Tuesday, May 27, 2014

Holiness is the Goal

During May, I preached from 1 Peter. Much like the rest of the New Testament letters, 1 Peter mixes theology and ethics in a facile manner—moving from thinking about the nature of salvation, hope, resurrection, suffering, the purpose of creation, holiness and who Jesus is; moving into what believing and having faith in Jesus means practically, in the present, in terms of behavior, for those who call themselves (ourselves) disciples of Jesus Christ.

One of my favorite pieces (that isn't in the Revised Common Lectionary, I blogged about that here, but that I added for worship the first week) is 1 Peter 1:13-16. In the NRSV it reads:
Therefore prepare your minds for action; discipline yourselves; set all your hope on the grace that Jesus Christ will bring you when he is revealed. Like obedient children, do not be conformed to the desires that you formerly had in ignorance. Instead, as he who called you is holy, be holy yourselves in all your conduct; for it is written “You shall be holy, for I am holy.”
Methodists have always been holiness people. Now, let’s be clear, at times we’ve let that identity express itself as “holier than thou, people,” and that’s not OK! Being holiness people shouldn’t be about legalistic judgmentalism, nor should it be about imagining ourselves to be perfect when we are not. Holiness should be a calling and a goal—it should be our desire and hope to fulfill God’s call to holy living, and to submit ourselves to the kind of discipline that can lead us there.

Christian faith is far more than just believing, though belief is important. Christian faith is as much a way of living as it is a way of believing. Being Christian means acquiring and practicing a peculiar ethics. For most of us, we learn how to be good, nice, kind, studious, industrious, and so on as children—we learn virtue as a part of our formation as people! That is normal, and part of the reason that Christians are intentional about formation and education of our children. But, and there’s a pretty big but here, we don’t become Christian automatically—we have to decide to follow Jesus, and to be conformed to him. “Christian ethics, like any ethics, are ‘tradition dependent.’ … Christian ethics only make sense from the point of view of what we believe has happened in the life, death, and resurrection of Jesus of Nazareth.”* What we believe matters for how we behave (and that is especially true for what we believe about Jesus).

There’s a corollary as well: even in the process of being formed into “good” people, we have the propensity to develop habits that need to be reworked. 1 Peter reminds us, “do not be conformed to the desires that you formerly had in ignorance.” Our desires, passions, and drives, some of them even defined as virtues by the world around us, need to be brought into the light of Jesus Christ and examined to see if they conform to the desires, passions and drives of Jesus and his followers.

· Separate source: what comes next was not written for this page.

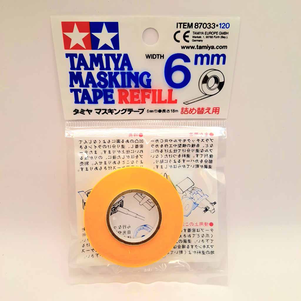 Tamiya 87033 6mm x 18metre Masking Tape. Tamiya Masking Tape is a thin, very strong adhesive tape for modeling use. It even adheres well to uneven surfaces. It’s ideal when sharp and crisp lines are required. This tape will not absorb paint color, or leave unsightly marks, making it perfect for use with painted or unpainted scale plastic or radio control models.

We are called to reconsider our behavior “like obedient children,” as those who are most likely to be formed into a particular way of living and being.

I didn’t run before I moved to my current appointment. In fact, I had a pretty lax relationship to physical health overall in terms of diet, exercise, and rest. I had endless excuses, including chronic back pain and plenty of “busyness,” to justify my choices—but then I visited my new doctor. He engaged in some pretty serious truth-telling, bringing into perspective that my learned behaviors did not conform to longevity or long-term well-being, and when I reflected on that, it seemed profoundly poor stewardship of God’s gift of health to continue living like I had. It wasn’t instant, but I have learned the joy of a different way of living by practicing it. The same is true for Christian living—we might find it difficult at first, impossible apart from the Church, but with time and practice, we can become more and more God’s holy people, conformed to the way of Christ. What Christian practices might you re-engage? What practices might you take on for the first time?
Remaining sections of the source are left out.